Cooked mixture of dark dried fruits, dark sugar, citrus peel, sweet spices and suet, often with brandy. Used as a pie filling during the Christmas and New Year celebrations, it is generally considered that mincemeat improves with keeping and should always be made at the very least two weeks before use.


Sweet Mincemeat
Image: Stuart Caie


It is well known that mincemeat formerly contained actual meat, of which the suet is today's remnant. The classic form is found in 'The Compleat Cook' by 'WM', 1658 (below).

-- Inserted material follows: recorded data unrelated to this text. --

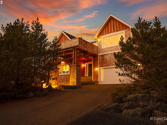 Exquisite craftsmanship shines in this custom built, Pine Ridge home. Room for everyone, plus space for live/work with 5 bedrooms and a library/media room. Reverse floor plan to optimize ocean, Neahkahnie Mt., and territorial views. Huge deck for outdoor living and dining. Cherry floors, vaulted and extra high ceilings, two fireplaces, expansive primary en suite with ocean views... check out the 3-D tour and video here, then make an appointment to view in person.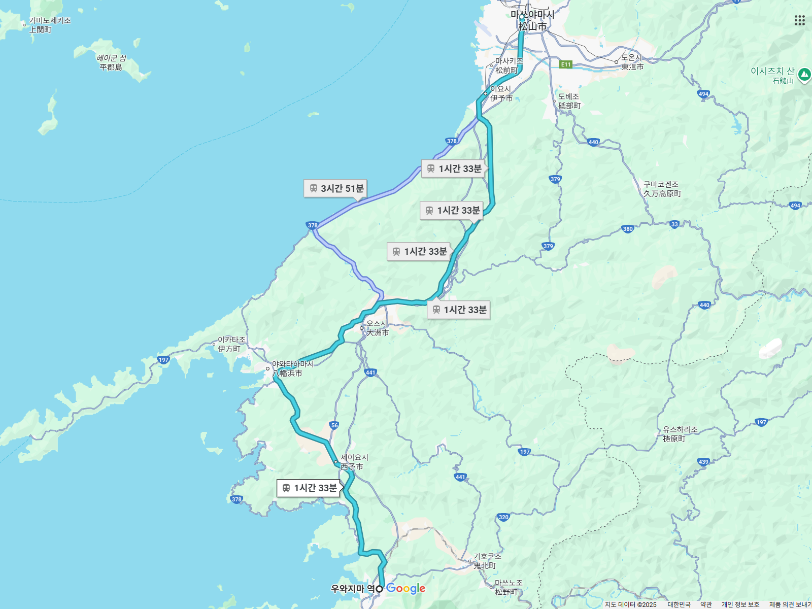이요오즈역과 마츠야마역을 빠르게 잇는 우치코선을 경유해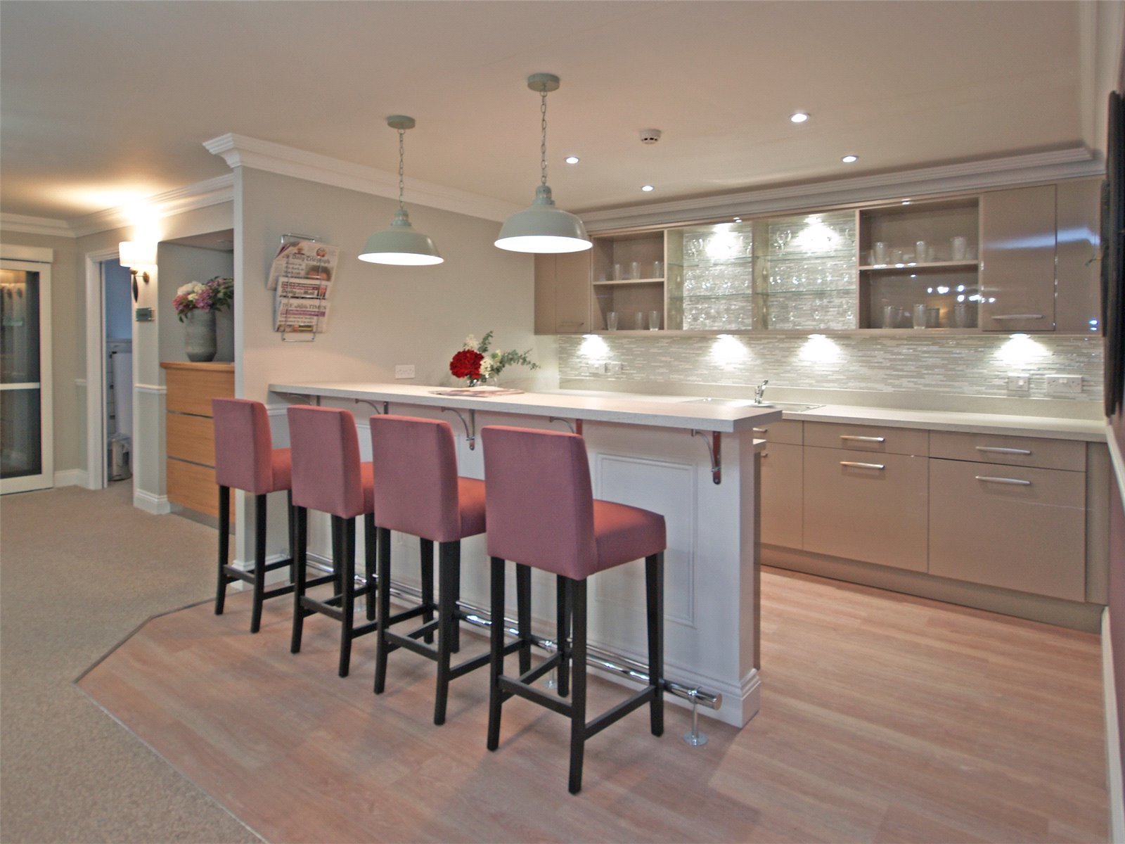 The kitchen is fully fitted and features a range of very pleasant light grey gloss eye and base level units finished with a white worktop. Integrated appliances include oven, hob, fridge, freezer and washer dryer. A window provides lots of natural light.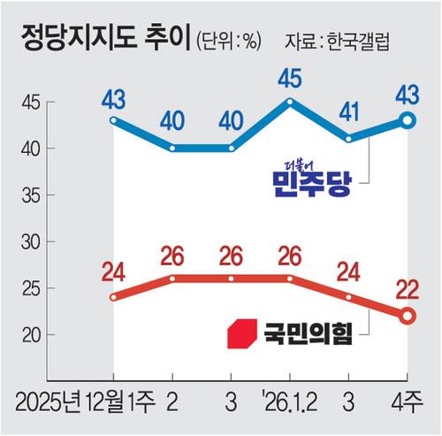 하지만 한국갤럽이 지난 20∼22일 전국 18세 이상 1000명을 대상으로 진행한 1월 4주 조사(95% 신뢰 수준에 표본오차 ±3.1%포인트)에서 국민의힘 지지율은 22%로 조사됐다. 장 대표가 지난해 8월 취임한 후 가장 낮은 수준이다. 민주당은 43%, 조국혁신당은 3%, 개혁신당은 2% 등이다.

Original Receipt in 'The Compleat Cook' by 'WM', 1658 (WM 1658)

To make minced Pies.
Take a large Neats tongue, shread it very well, three pound and a halfe of Suet very well shread, Currans three pound, halfe an ounce of beaten Cloves and Mace, season it with Salt when you think't fit, halfe a preserved Orange, or instead of it Orange Pils, a quarter of a pound of Sugar, and a little Lemon Pill sliced very thin, put all these together very well, put to it two Spoonfull of Verjuyce, and a quarter of a Pint of Sack, &c.



By the time of Moxon 1764, the meat was clearly not considered absolutely necessary. She offers one receipt made with calf's feet and another which is meat-free and more-or-less the modern method...

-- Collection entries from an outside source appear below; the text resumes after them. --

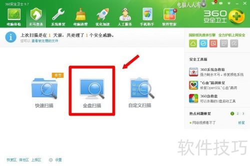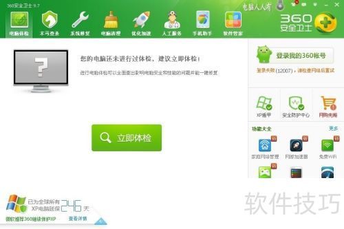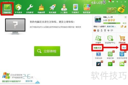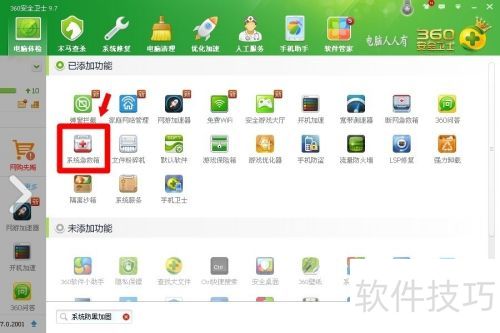 2、 360安全卫士主界面,电脑体验下功能大全里有系统急救箱。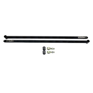 Traction bars are a necessary upgrade when increasing the horsepower on your truck to prevent the axle from twisting which can lead to broken u-joints, driveshafts, and even twisted axle housings. These Universal Fabricator Series 68" Traction Bars from WCFab include the essentials, allowing you to customize the mounts for your specific application. Features High quality RockJock rebuild-able and grease-able Johnny Joint heim connections at the frame side connection for the bars. Heavy Duty Poly Urethane Bushing at the axle side connection for decreased noise and vibration (common complaint when solid heims are used on both ends). WCFab traction bars are all finished with their professional in house powder coat process in your color choice and come standard with a epoxy primer base coat before the final color to increase corrosion resistance by more than ten times compared to just your standard powder single coat application. Made in USA.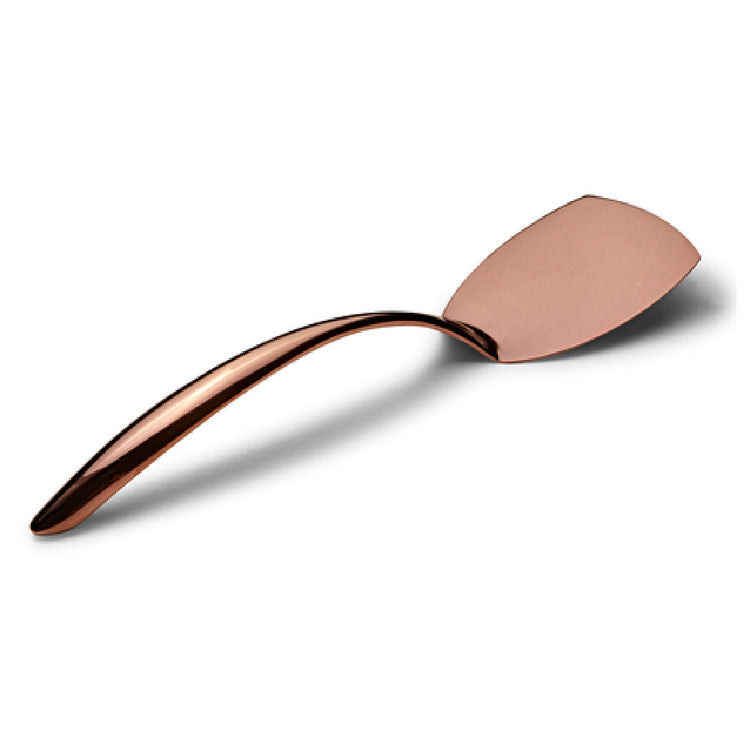 The Bon Chef 9459RG EZ Use Banquet Serving Turner 14-3/4" Solid is a premium kitchen tool designed for professionals seeking precision and elegance in food service. This serving turner measures 14-3/4 inches, providing an optimal length for handling a variety of dishes with ease. Crafted from 18/8 stainless steel, it ensures durability and resistance to corrosion, while the PVD coating extends its lifespan and enhances its resilience. The turner's stunning rose gold mirror finish adds a touch of sophistication, making it not only functional but visually appealing for upscale dining environments. The hollow cool handle design offers superior comfort and safety, minimizing heat transfer during use. Ideal for banquet settings, this serving turner meets the demands of both high-volume catering operations and intimate dining experiences, where presentation and performance are paramount. Its solid construction makes it a reliable choice for chefs and servers in hotels, restaurants, and catering services looking to elevate their service standards with high-quality, aesthetically pleasing tools.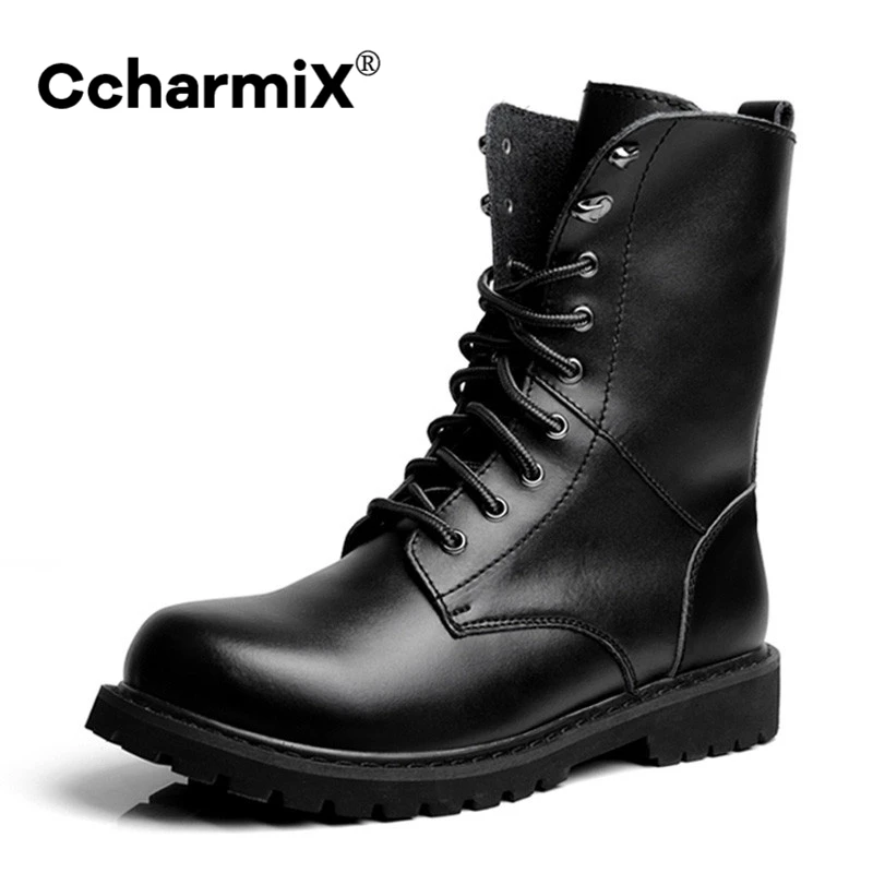Мужские мотоциклетные ботинки CcharmiX, уличные армейские ботинки до середины икры, мужские кожаные военные тактические ботинки для пустыни, черные боевые ботинки на зиму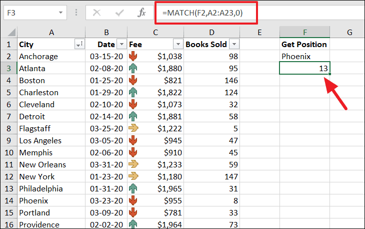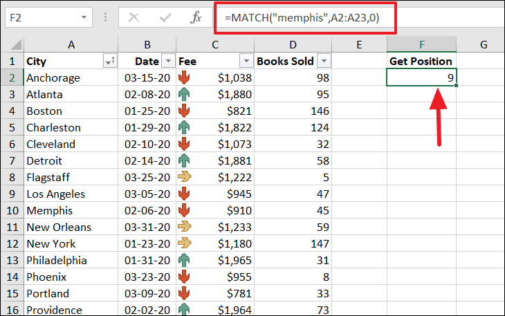 =MATCH("memphis", A2:A23, 0)The third argument is set to 0 to find an exact match. Notice that even though "memphis" is entered in lowercase in the formula, and "Memphis" in the dataset has an uppercase "M", the function still finds the match because the MATCH function is not case-sensitive.

Original Receipt in 'English Housewifry' by Elizabeth Moxon, 1764 (Moxon 1764)

119. MINC'D PIES another way.
Take a pound of the finest seam tripes you can get, a pound and a half of currans well cleaned, two, three or four apples pared and shred very fine, a little green lemon-peel and mace shred, a large nutmeg, a glass of sack or brandy, (which you please) half a pound of sugar, and a little salt, so mix them well together, and fill your patty-pans, then stick five or six bits of candid lemon or orange in every petty-pan, cover them, and when baked they are fit for use.




2013


Queen Victoria's cook Francatelli has an unusual version...

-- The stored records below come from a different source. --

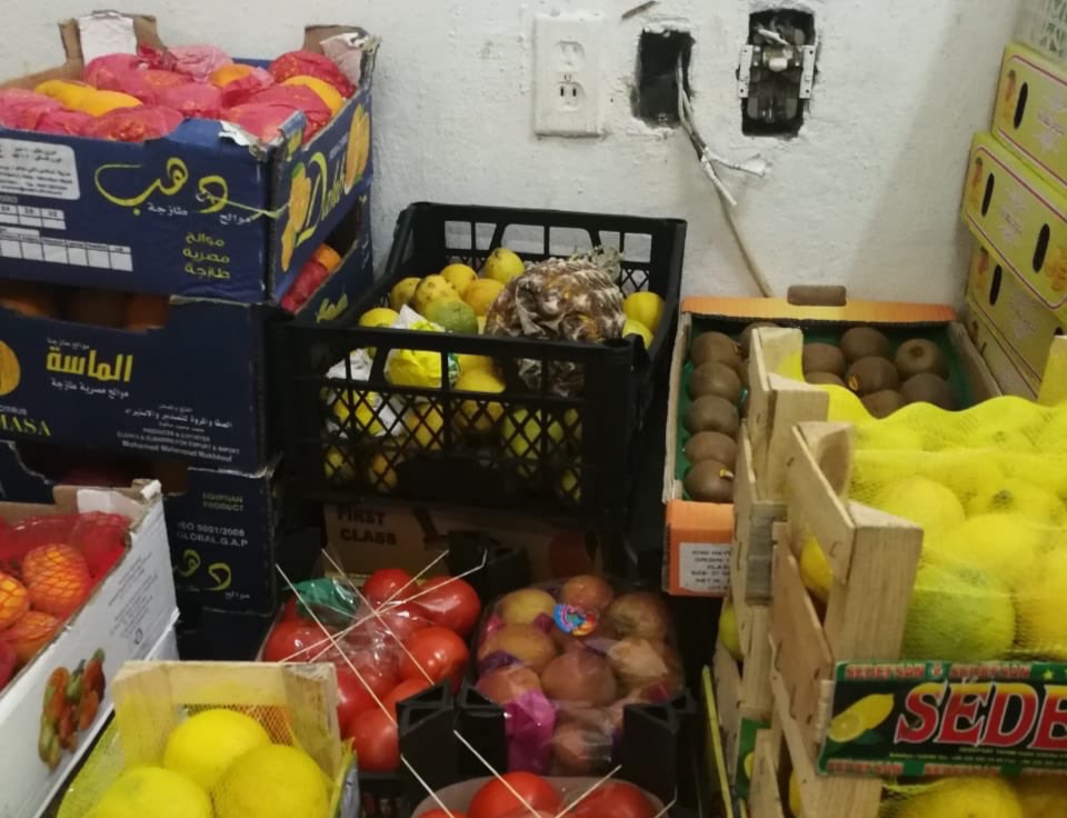 وأضاف تم ضبط 600 كيلو من الفواكه والخضروات يتم تعليبها وتغليفها تمهيدا لتوزيعها على عدد من المراكز التجارية.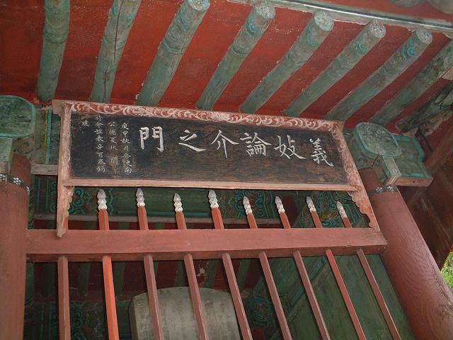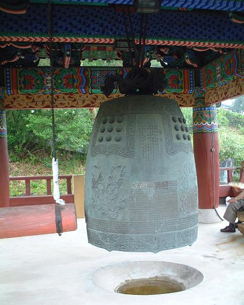 お寺の鐘楼に上がって雨宿り。韓国の釣鐘は下の方にぶら下がっている。傘が無いから鐘楼への階段を上がるのさえ濡れるのを避けたい人達はこの下で雨宿りした。私の傘は旅行先で無くしてもいいし帰りには捨ててこようと思っていた汚い晴雨兼用傘だが、よく役に立ち、捨てるチャンスが無くて持ち帰ってきてしまった。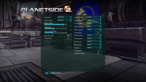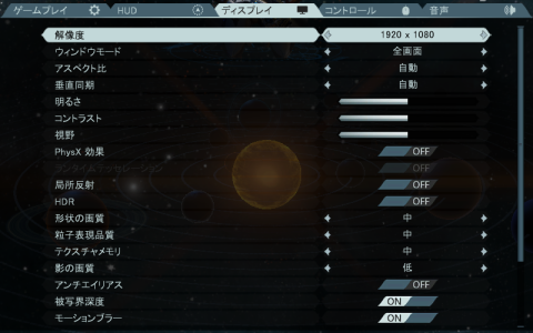 ※設定は初期設定から「ウィンドウモード」の「ウィンドウモード表示」を「フルスクリーン表示」に変更しました。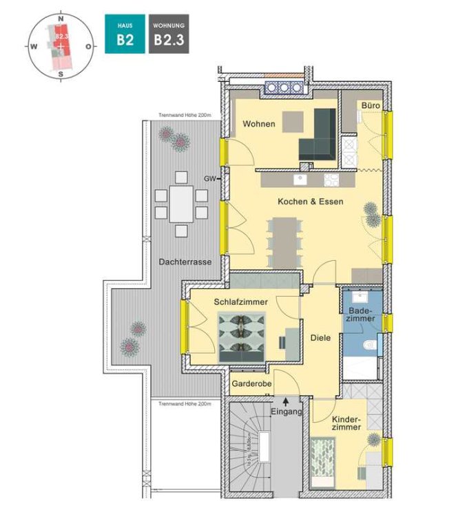 Dachterrasse und Westausrichtung - Durchdachter Grundriss | B2.3

Original Receipt from 'A Plain Cookery Book for the Working Classes' by Charles Elmé Francatelli (Francatelli 1846)

No. 100. A Cheap Kind of Mince-meat.
Ingredients, eight ounces of stoned raisins, eight ounces of washed and dried currants, one pound of tripe, one pound of apples, one pound of chopped suet, four ounces of shred candied peel, one pound of moist sugar, one ounce of allspice, the juice and the chopped rind of three lemons, half a gill of rum. First chop the raisins, currants, apples, and the tripe all together, or separately, until well mixed; then place these in a pan, add the remainder of the ingredients, mix them thoroughly until well incorporated with each other; put the mince-meat into a clean dry stone jar, tie some thick paper, or a piece of bladder over the top, and keep it in a cool place till wanted for use.



... and we also have the version Victoria herself was served;


Original Receipt from 'A Shilling Cookery for The People' by Alexis Soyer (Soyer 1845)

Royal Christmas Fare. - The mince-meat as made at Windsor Castle every year, the ingredients being mixed one month before wanted, is as follows: 240 lbs. of raisins, 400 lbs. of currants, 200 lbs. of lump sugar, 3 lbs. of cinnamon, 3 lbs. of nutmeg, 3 lbs. of cloves, 3 lbs. of ground allspice, 2 lbs. of ginger, 300 lbs. of beef, 350 lbs. of suet, 24 bushels of apples, 240 lemons, 30 lbs. of cedret, 72 bottles of brandy, 3 lbs. of mace, 60 lbs. of lemon-peel, and 60 lbs. of orangepeel.